【问题标题】:Parsing Snort Alert File with Regex使用正则表达式解析 Snort 警报文件
【发布时间】:2016-07-03 22:15:13
【问题描述】:

我正在尝试在 Python 中使用正则表达式从 snort 警报文件中解析出源、目标(IP 和端口)和时间戳。示例如下:

03/09-14:10:43.323717  [**] [1:2008015:9] ET MALWARE User-Agent (Win95) [**] [Classification: A Network Trojan was detected] [Priority: 1] {TCP} 172.16.116.194:28692 -> 205.181.112.65:80

我有一个用于 IP 的正则表达式,但由于 IP 中的端口,它不能正确触发。

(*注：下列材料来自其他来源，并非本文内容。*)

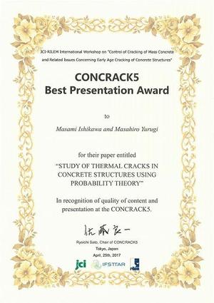 受賞論文:”Study of thermal cracks in concrete structures using probability theory”
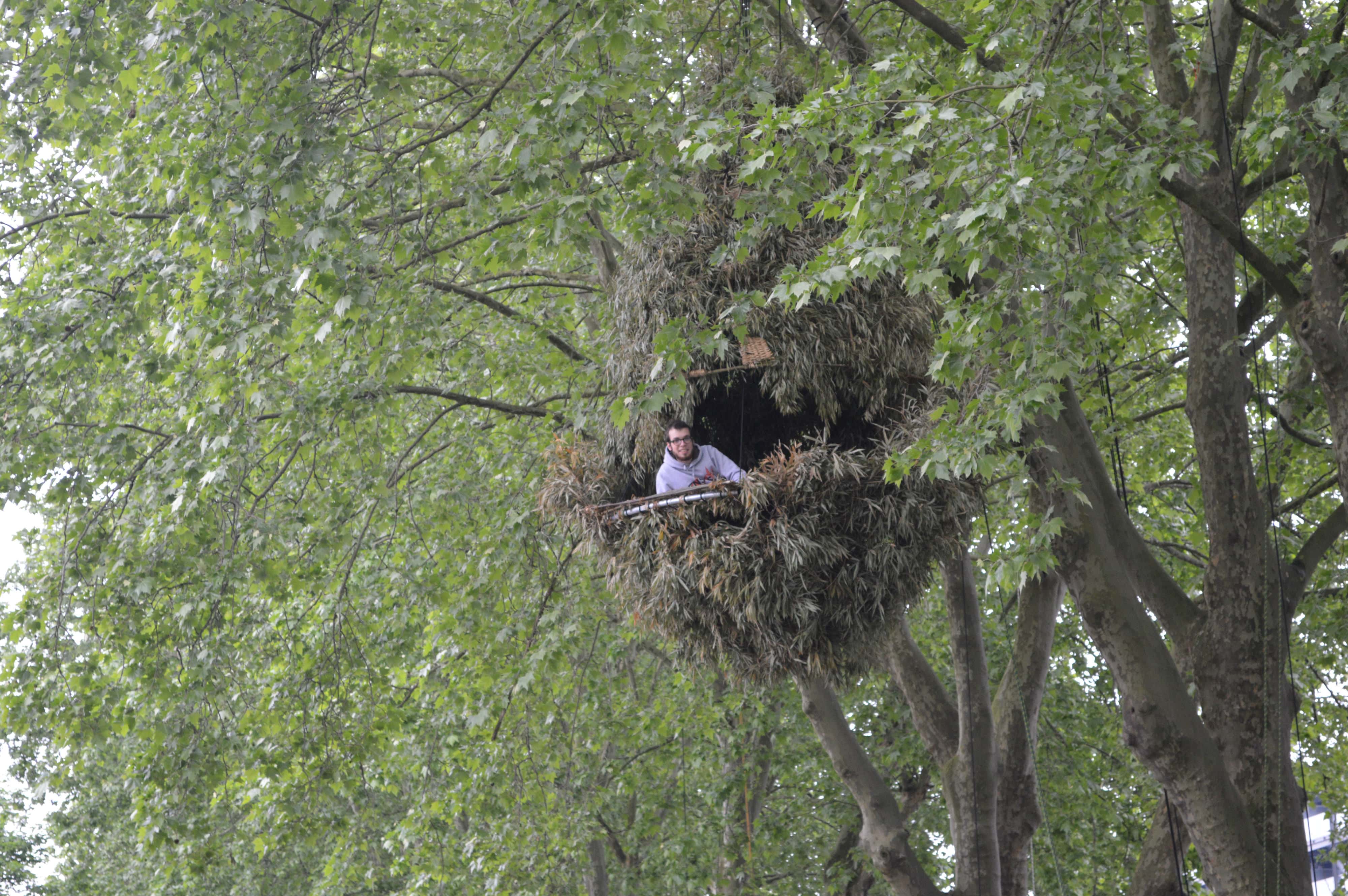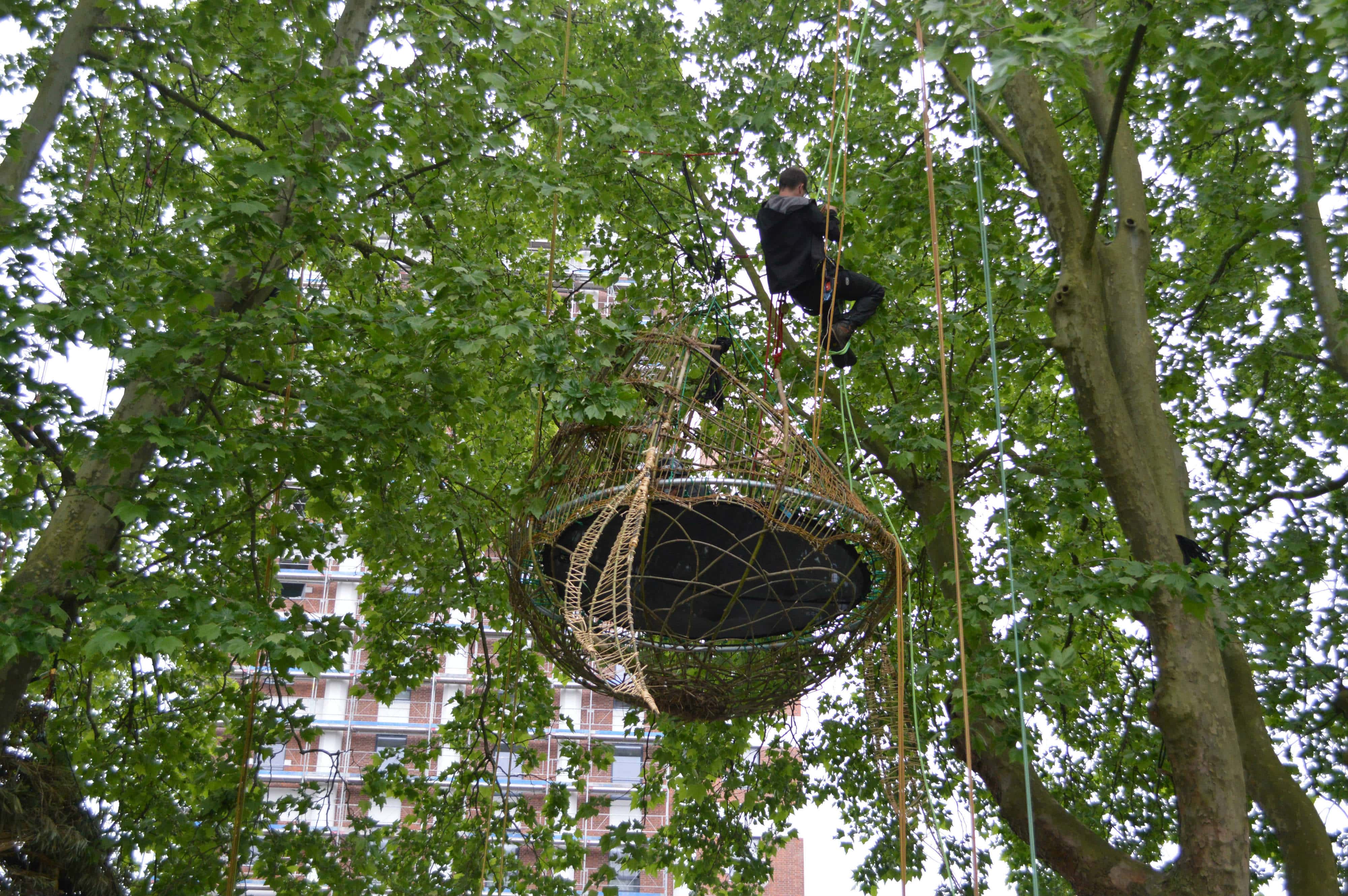 Le public peut monter gratuitement dans ces nids à partir du samedi 16 mai 14h jusqu’au lundi 18 mai. Les nids sont alors descendus, avant d’être remonté avec ses occupants. Une danseuse de l’association Motus Modules proposera une chorégraphie aérienne et servira du thé.

如何将端口与 IP 分开?

^\d{1,3}\.\d{1,3}\.\d{1,3}\.\d{1,3}$

【问题讨论】:

  • 移除锚点^$ 并尝试..这将捕获IP
  • 新场景,没有端口怎么办?因此:03/09-15:32:15.537934 [**] [1:2100366:8] GPL ICMP_INFO PING *NIX [**] [Classification: Misc activity] [Priority: 3] {ICMP} 172.16.114.50 -> 172.16.114.148

标签: python regex text-processing snort


【解决方案1】:

这应该从整行中提取必要的部分:

r'([0-9:./-]+)\s+.*?(\d{1,3}\.\d{1,3}\.\d{1,3}\.\d{1,3}):(\d{1,5})\s+->\s+(\d{1,3}\.\d{1,3}\.\d{1,3}\.\d{1,3}):(\d{1,5})'

看这个例子:

In [22]: line = '03/09-14:10:43.323717  [**] [1:2008015:9] ET MALWARE User-Agent (Win95) [**] [Classification: A Network Trojan was detected] [Priority: 1] {TCP} 172.16.116.194:28692 -> 205.181.112.65:80'

In [23]: m = re.match(r'([0-9:./-]+)\s+.*?(\d{1,3}\.\d{1,3}\.\d{1,3}\.\d{1,3}):(\d{1,5})\s+->\s+(\d{1,3}\.\d{1,3}\.\d{1,3}\.\d{1,3}):(\d{1,5})', line)

In [24]: m.group(1)
Out[24]: '03/09-14:10:43.323717'

In [25]: m.group(2)
Out[25]: '172.16.116.194'

In [26]: m.group(3)
Out[26]: '28692'

In [27]: m.group(4)
Out[27]: '205.181.112.65'

In [28]: m.group(5)
Out[28]: '80'

【讨论】:

  • 太棒了!将时间分成一个单独的实体只是另一个组对吗?
  • 好吧,把([0-9:./-]+)改成([0-9/]+)-([0-9:.]+)就行了。
  • 唯一剩下的就是从时间戳中删除微秒。我以为我可以用 strftime 做到这一点,但它不能像我想要的那样工作,因为输入字符串时间格式与输出字符串格式不匹配。
  • 它读取一个文本文件。如果其中一个组字段没有返回任何内容怎么办?例如,有些 IP 没有与之关联的端口。我遇到了一个问题,当我点击其中一个时出现 NoneType 错误。
【解决方案2】:

您可以通过这种方式将它们分成不同的捕获组:

(\d{1,3}\.\d{1,3}\.\d{1,3}\.\d{1,3}):(\d{1,5})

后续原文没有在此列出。